What the task asks: Leave the images out and write out each entry exactly as shown.

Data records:

○ ○ ○

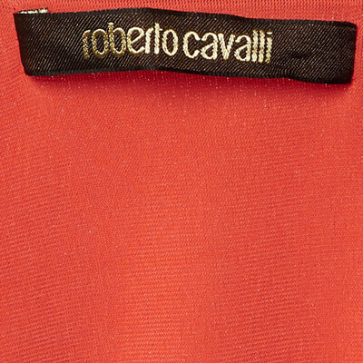 This Roberto Cavalli dress is worked in pink knit, fitted through the body with long sleeves. The little cut out and gold tone spiral accent at the front makes the design stand out.
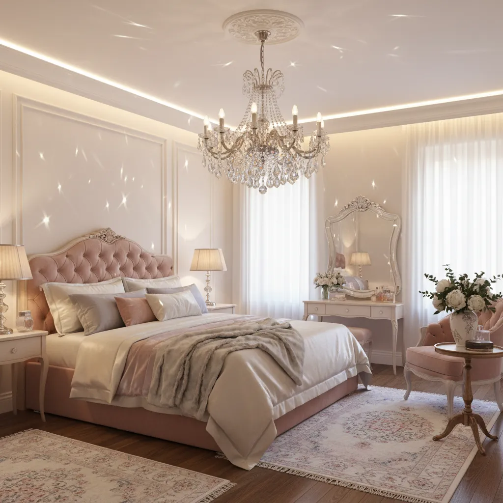 Choose upholstered beds, nightstands with delicate details, dressers with sleek or ornate finishes, and soft seating like chairs or benches. Furniture should be functional while complementing the room’s elegant aesthetic.
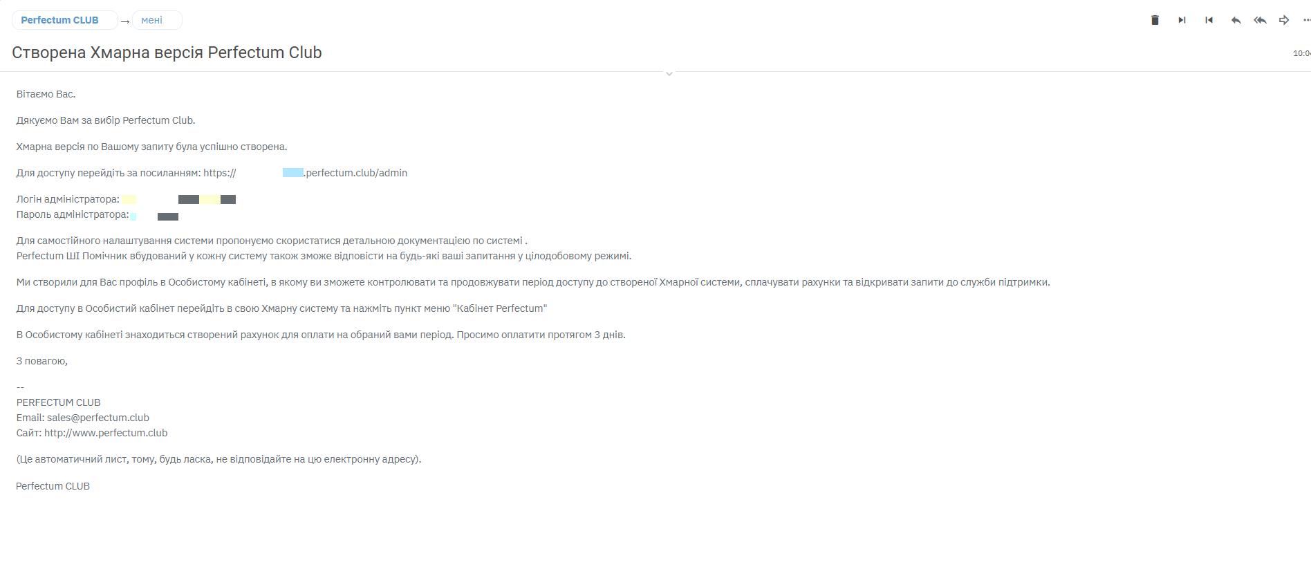 Після успішної реєстрації хмарної версії системи ви отримаєте сповіщення про це на сайті, а також лист з даними авторизації на вказану у формі пошту.
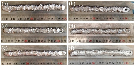 Appearances of underwater wet welds with different thermite content: (a) 0, (b) 10%, (c) 20%, (d) 30%, (e) 40%, (f) 50%.
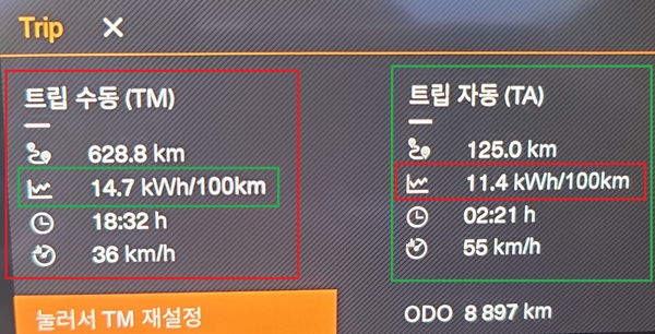 하지만 전비는 이전 시승의 503.8km 주행을 합산해 총시승 거리 628.8km에서 전비를 체크했다.

○ ○ ○

Task solution:
 This Roberto Cavalli dress is worked in pink knit, fitted through the body with long sleeves. The little cut out and gold tone spiral accent at the front makes the design stand out.
 Choose upholstered beds, nightstands with delicate details, dressers with sleek or ornate finishes, and soft seating like chairs or benches. Furniture should be functional while complementing the room’s elegant aesthetic.
 Після успішної реєстрації хмарної версії системи ви отримаєте сповіщення про це на сайті, а також лист з даними авторизації на вказану у формі пошту.
 Appearances of underwater wet welds with different thermite content: (a) 0, (b) 10%, (c) 20%, (d) 30%, (e) 40%, (f) 50%.
 하지만 전비는 이전 시승의 503.8km 주행을 합산해 총시승 거리 628.8km에서 전비를 체크했다.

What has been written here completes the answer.